Originally published in BeatRoute Magazine.
“At the time, I just wanted to do something different,” says Paul Rose—aka Scuba—explaining his move away from dark UK bass music and toward techno and house. “Very early on in the dubstep thing—I guess just as it was becoming popular, actually—I didn’t want to do it anymore, which from a career perspective was probably a bad idea. But you’ve got to do what you feel like, I guess.”
Rose’s first two records—A Mutual Antipathy (2008) and Triangulation (2010)—were both classic exercises in English gloom. But to the puzzlement of many long-time fans, he followed these up with a string of dancy, tech-infused releases, culminating in the aptly titled Personality LP (2012).
“I moved to Berlin in 2007,” says Rose, “and it was basically about that time that I started to figure that I wanted to do something else. My first two albums, I guess you could say that they were dubstep albums. So it took a couple of years—two, three years—before I made a complete break away from it.”
“I think my motivations for that were really just wanting to do something that was as far removed from what I’d become known for as possible, really. So there was a sort of element of almost trolling to it, and I wanted to provoke a reaction, certainly, within the audience and just really say, ‘OK, look—I’ve done this stuff now, I’ve made two albums of pretty doomy, techno-influenced dubstep-type stuff, so here’s some house music and you can get on with it.'”
But despite the change in mood, Rose argues that his aesthetic shift wasn’t as drastic as some may have supposed. “The Personality LP, I don’t think it’s quite as different people tend to make out. I mean, there’s definitely some uplifting moments on it, some euphoric bits. But a lot of it’s quite hard as well. I think it was just more in the big room—almost like stadium techno—kind of a way than the previous two records, which were quite noir-ish—quite kind of, you know, eyes down—that kind of aesthetic .”

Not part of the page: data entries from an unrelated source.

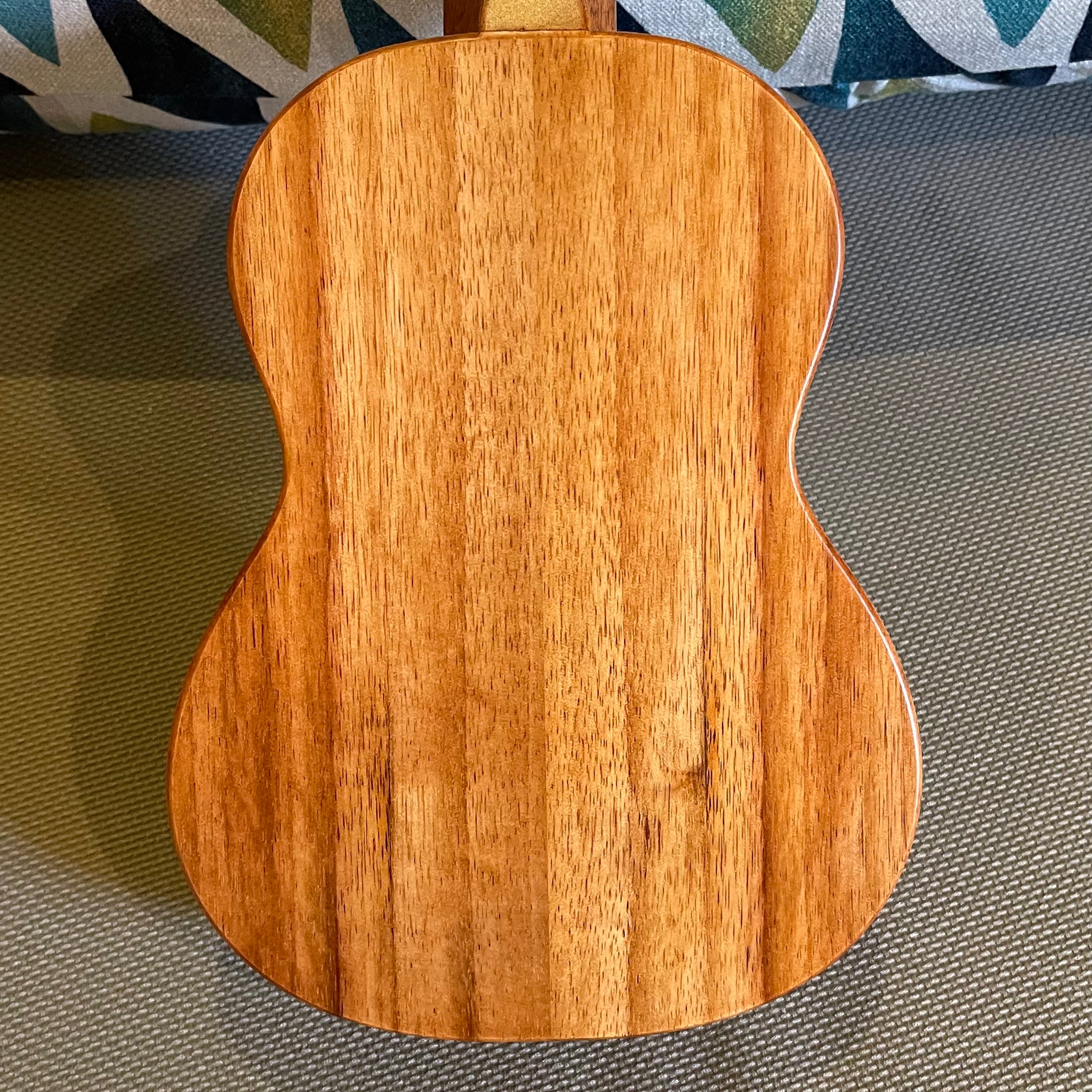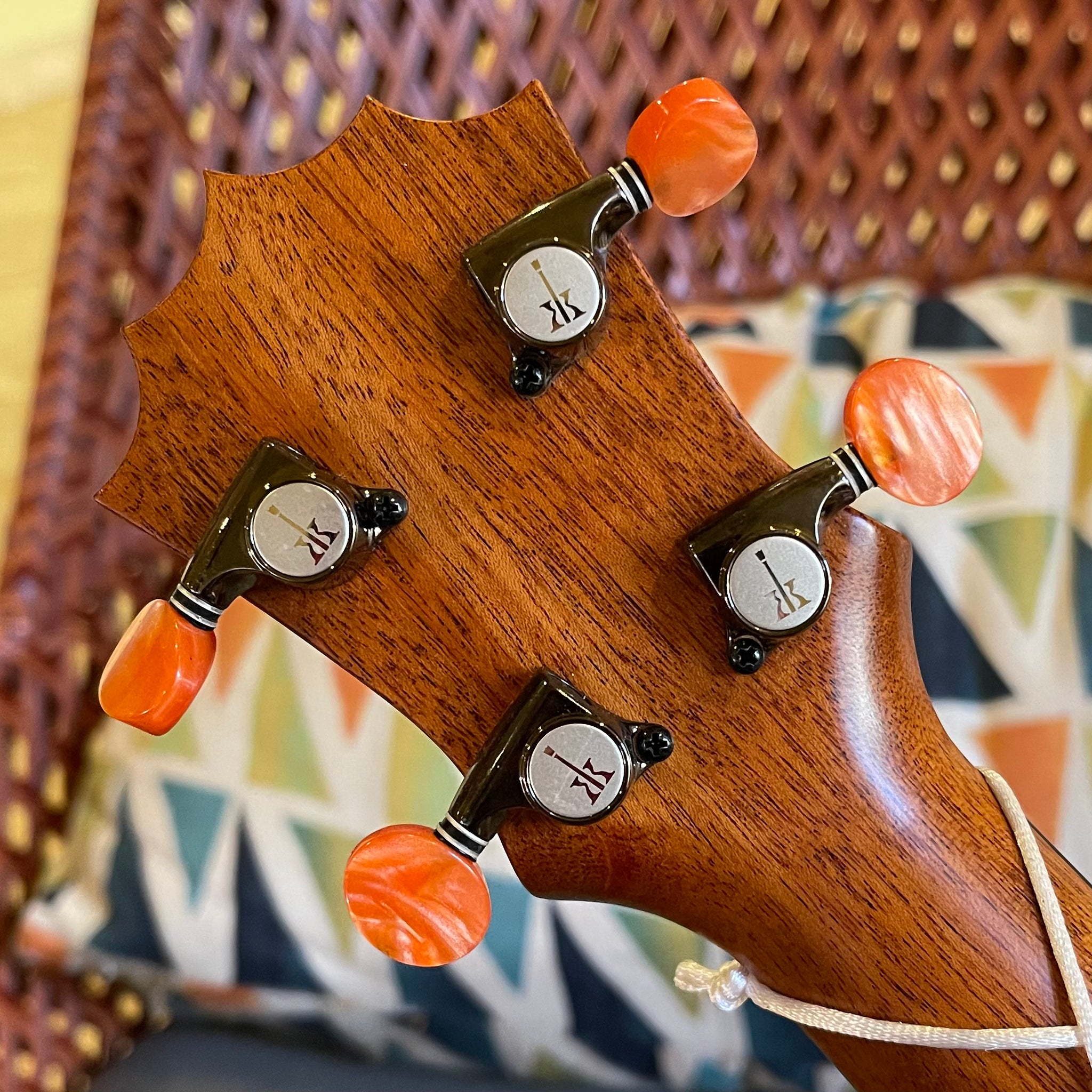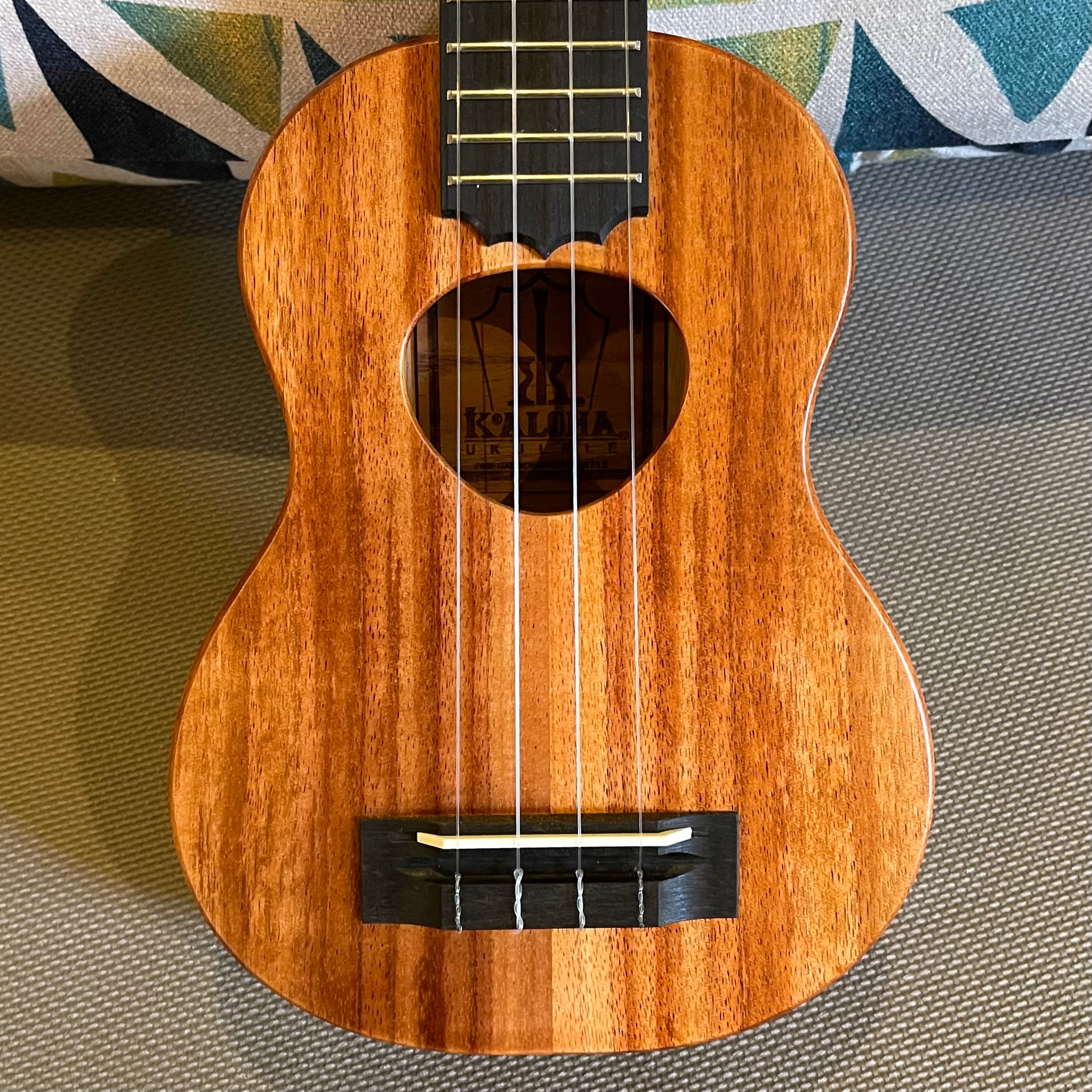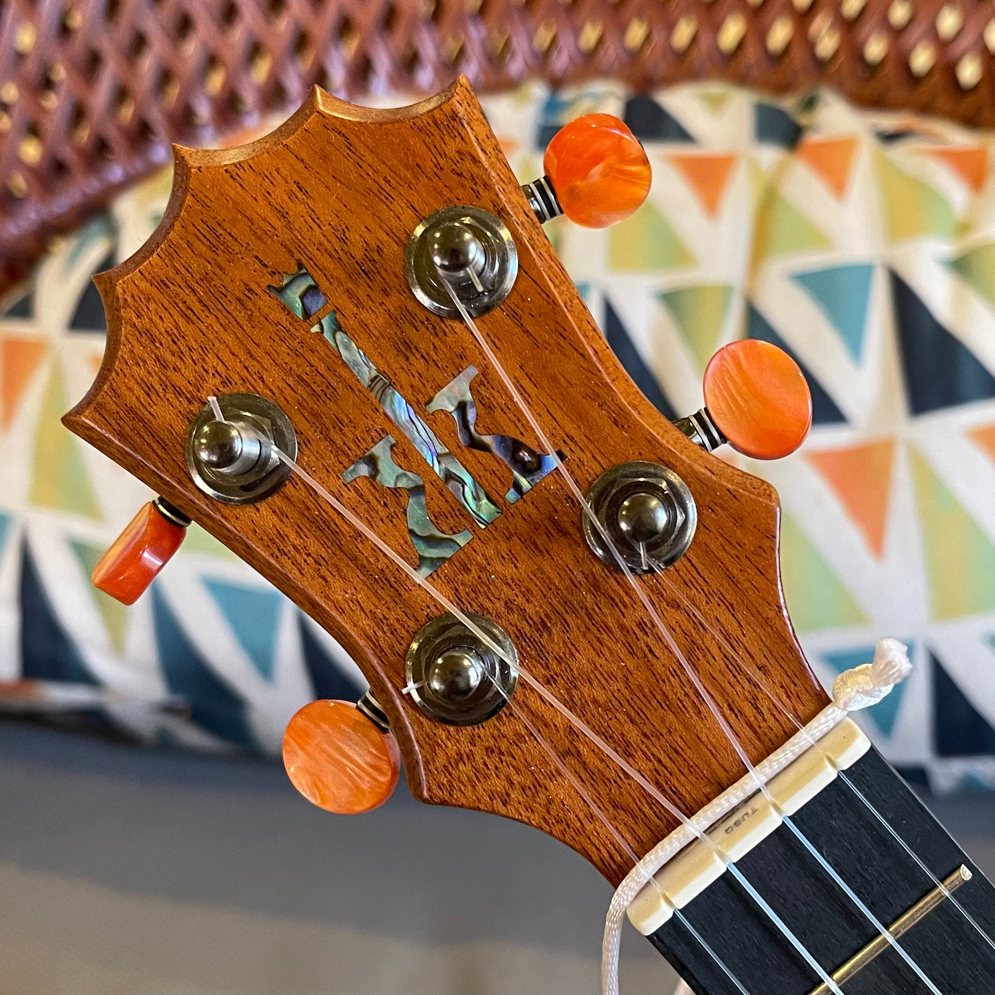 The KoAloha KSM-12 is a soprano long neck ukulele with a concert sized neck. The body is made of Hawaiian koa with a satin finish. This ukulele features the KoAloha signature five point crown shaped headstock with an abalone KoAloha logo and the musubi shaped sound hole.It comes equipped with KoAloha's original geared tuner. Tone is bright and loud.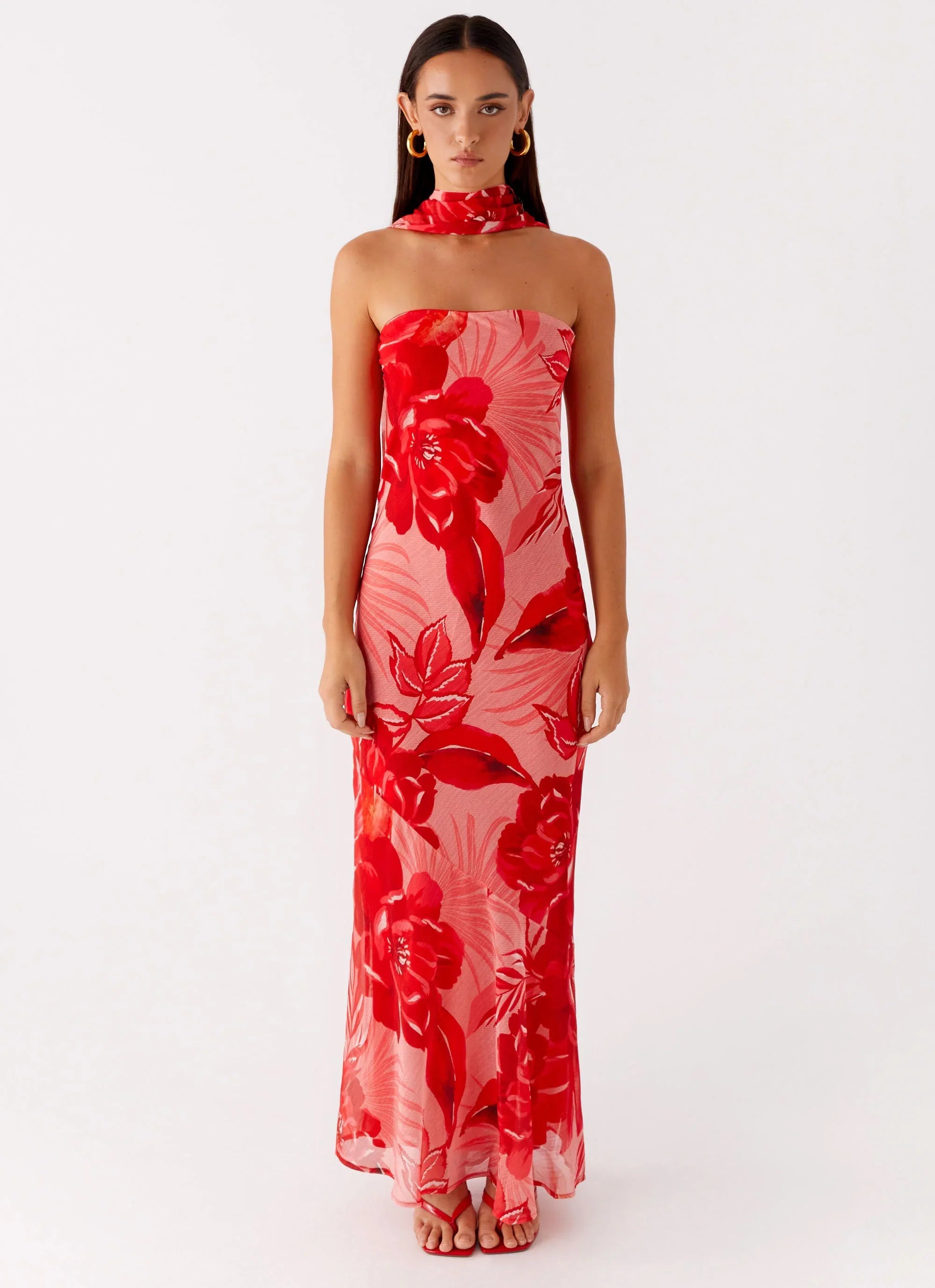 Made for golden hours that slip into starlit nights. The Under The Pagoda Maxi Dress features a sleek strapless neckline and a flowing, fully lined silhouette that moves with every warm breeze. Wrapped in our exclusive Sicily Sunsets print, it’s your ticket to balmy nights, rooftop soirees, and unforgettable escapes.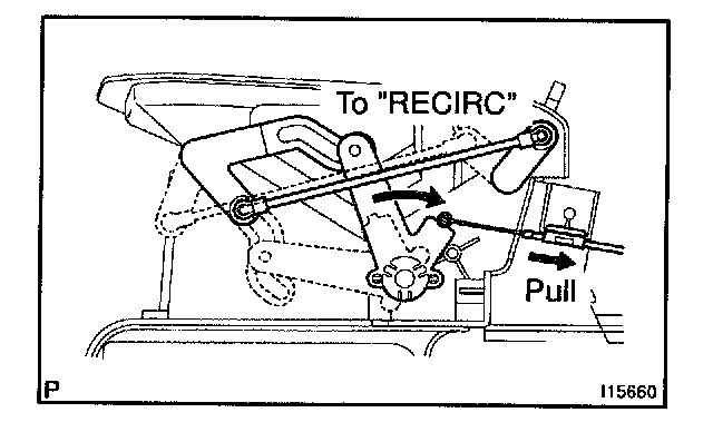 d. Adjust the air inlet damper control cable.Set the air inlet damper control lever to "RECIRC" position and connect the inner cable to lever pin and clamp the outer cable.

Yet ever the restless spirit, Rose hints that his current artistic phase may also be drawing to a close. “I’m almost coming full circle now, because the stuff I’ve been doing more recently is definitely very dark and brooding,” he says, laughing. “I had a couple of years after Personality going around the big room, European festival circuit—you know, techno, tech-house, house stages and all that kind of stuff, which was a completely new experience for me at the time. I mean, that whole thing—it can be a lot of fun doing it, but ultimately it has its limitations to what you can do artistically.”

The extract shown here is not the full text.